### Directions for this task
Reproduction of part of the material below, pictures omitted: copy exactly, and only, the lines starting with the one with "Available for Furnished" and going on through the one with "Abito da pattinaggio".

### Source data
*** Begin section ***

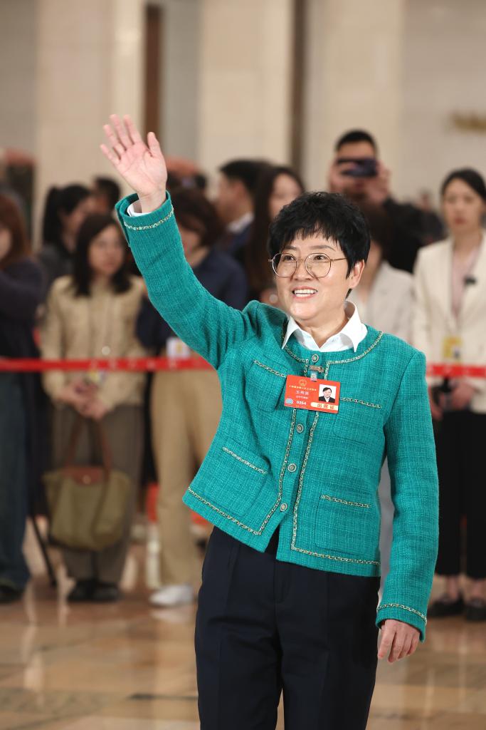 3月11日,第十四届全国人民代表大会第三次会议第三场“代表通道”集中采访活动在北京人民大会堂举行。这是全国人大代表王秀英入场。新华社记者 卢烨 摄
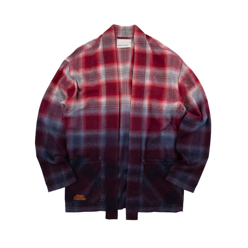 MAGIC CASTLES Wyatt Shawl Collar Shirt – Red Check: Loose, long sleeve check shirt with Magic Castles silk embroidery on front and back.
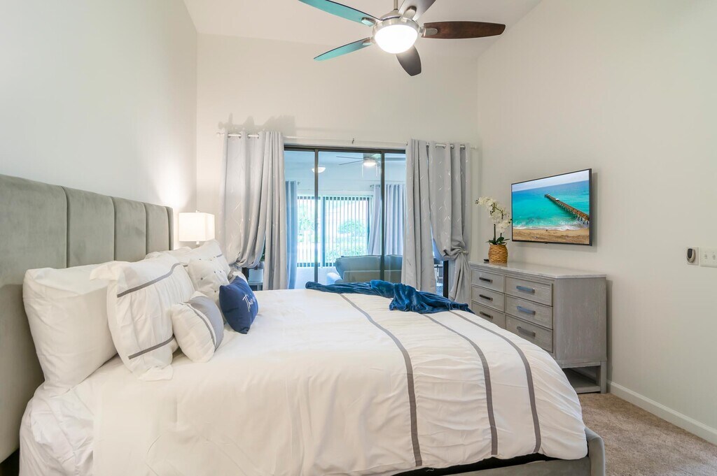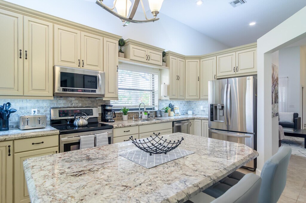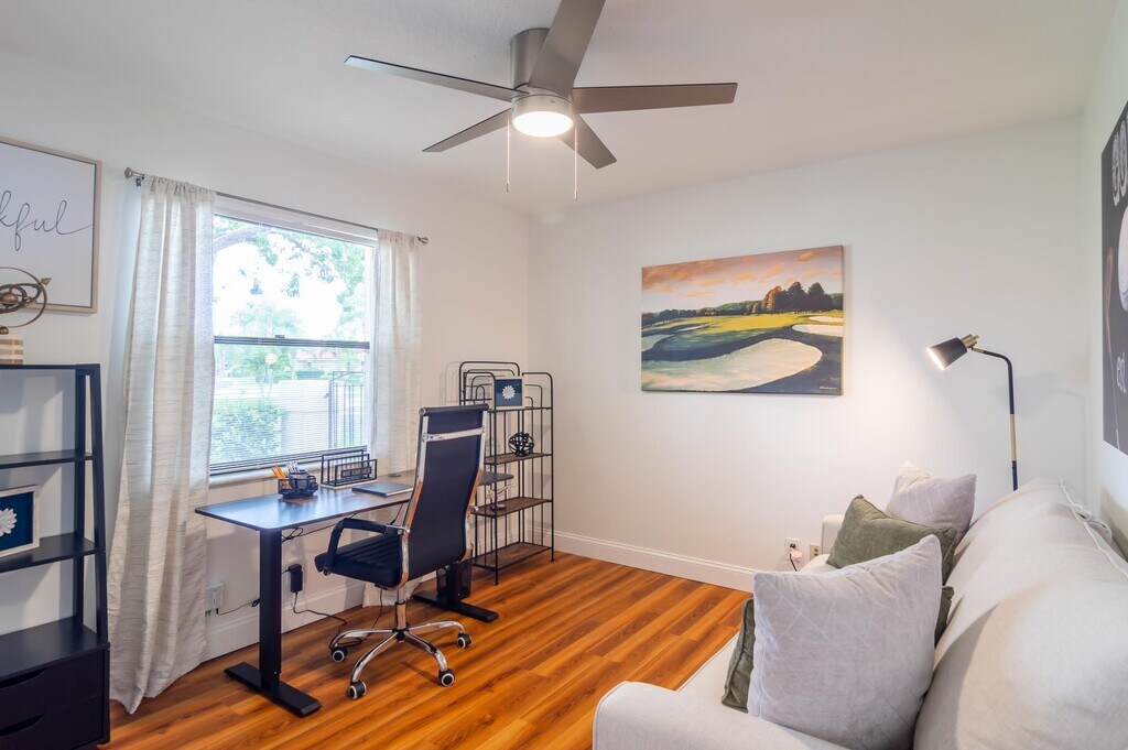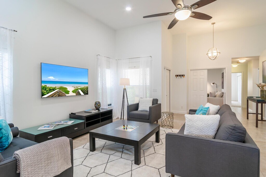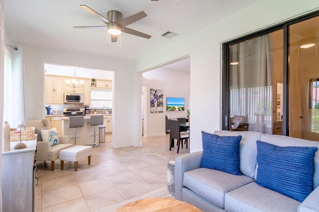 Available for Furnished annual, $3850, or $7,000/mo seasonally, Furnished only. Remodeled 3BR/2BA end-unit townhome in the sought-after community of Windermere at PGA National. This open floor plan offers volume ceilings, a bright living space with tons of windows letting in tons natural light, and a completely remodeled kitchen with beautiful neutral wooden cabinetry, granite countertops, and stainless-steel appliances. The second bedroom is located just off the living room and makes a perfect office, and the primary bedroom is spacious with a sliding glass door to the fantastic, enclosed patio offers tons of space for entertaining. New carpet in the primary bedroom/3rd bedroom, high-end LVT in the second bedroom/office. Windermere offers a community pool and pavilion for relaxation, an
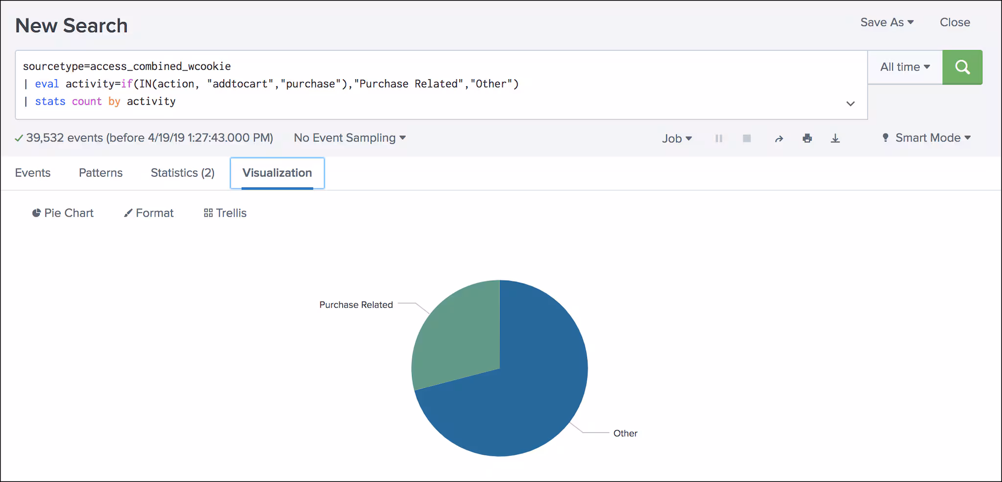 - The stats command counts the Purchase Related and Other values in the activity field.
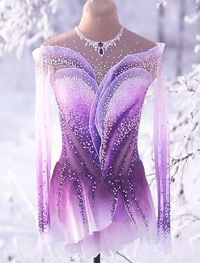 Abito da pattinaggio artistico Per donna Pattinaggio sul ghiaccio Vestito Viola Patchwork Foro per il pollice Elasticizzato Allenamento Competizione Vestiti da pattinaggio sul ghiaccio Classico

*** End section ***
*** Begin section ***

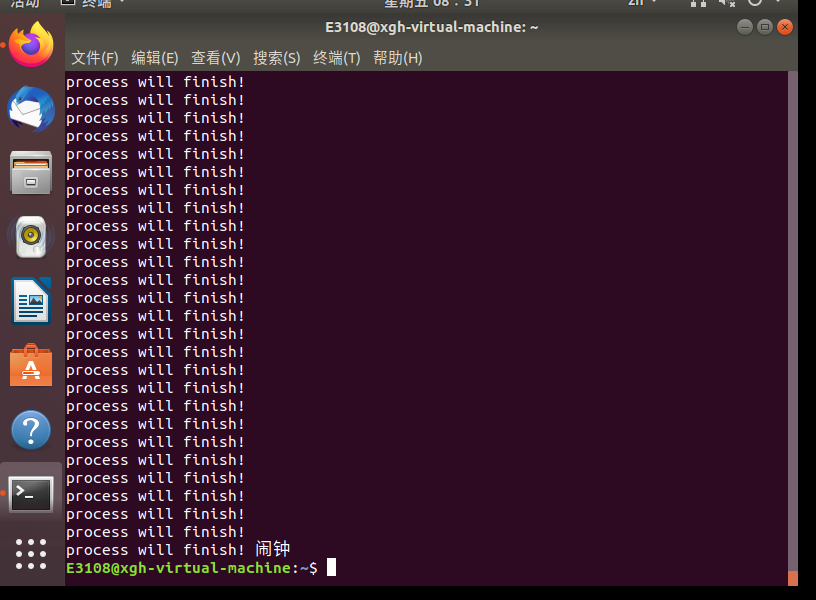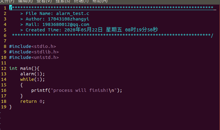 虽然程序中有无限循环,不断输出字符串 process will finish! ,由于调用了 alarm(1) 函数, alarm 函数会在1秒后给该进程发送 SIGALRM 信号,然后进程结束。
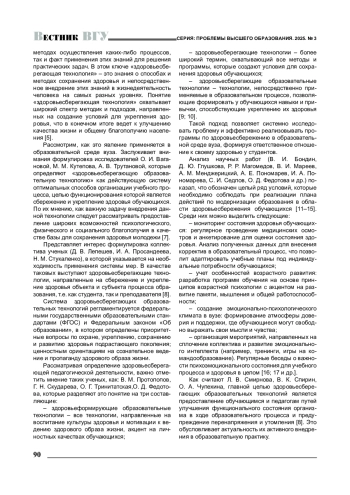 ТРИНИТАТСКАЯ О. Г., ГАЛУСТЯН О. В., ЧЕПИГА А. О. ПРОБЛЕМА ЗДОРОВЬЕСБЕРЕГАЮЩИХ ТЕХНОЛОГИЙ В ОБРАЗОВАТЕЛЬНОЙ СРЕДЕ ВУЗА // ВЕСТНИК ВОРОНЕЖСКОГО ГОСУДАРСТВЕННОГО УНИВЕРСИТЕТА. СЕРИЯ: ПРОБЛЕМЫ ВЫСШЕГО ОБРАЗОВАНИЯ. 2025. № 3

*** End section ***

### Output below
 Available for Furnished annual, $3850, or $7,000/mo seasonally, Furnished only. Remodeled 3BR/2BA end-unit townhome in the sought-after community of Windermere at PGA National. This open floor plan offers volume ceilings, a bright living space with tons of windows letting in tons natural light, and a completely remodeled kitchen with beautiful neutral wooden cabinetry, granite countertops, and stainless-steel appliances. The second bedroom is located just off the living room and makes a perfect office, and the primary bedroom is spacious with a sliding glass door to the fantastic, enclosed patio offers tons of space for entertaining. New carpet in the primary bedroom/3rd bedroom, high-end LVT in the second bedroom/office. Windermere offers a community pool and pavilion for relaxation, an
 - The stats command counts the Purchase Related and Other values in the activity field.
 Abito da pattinaggio artistico Per donna Pattinaggio sul ghiaccio Vestito Viola Patchwork Foro per il pollice Elasticizzato Allenamento Competizione Vestiti da pattinaggio sul ghiaccio Classico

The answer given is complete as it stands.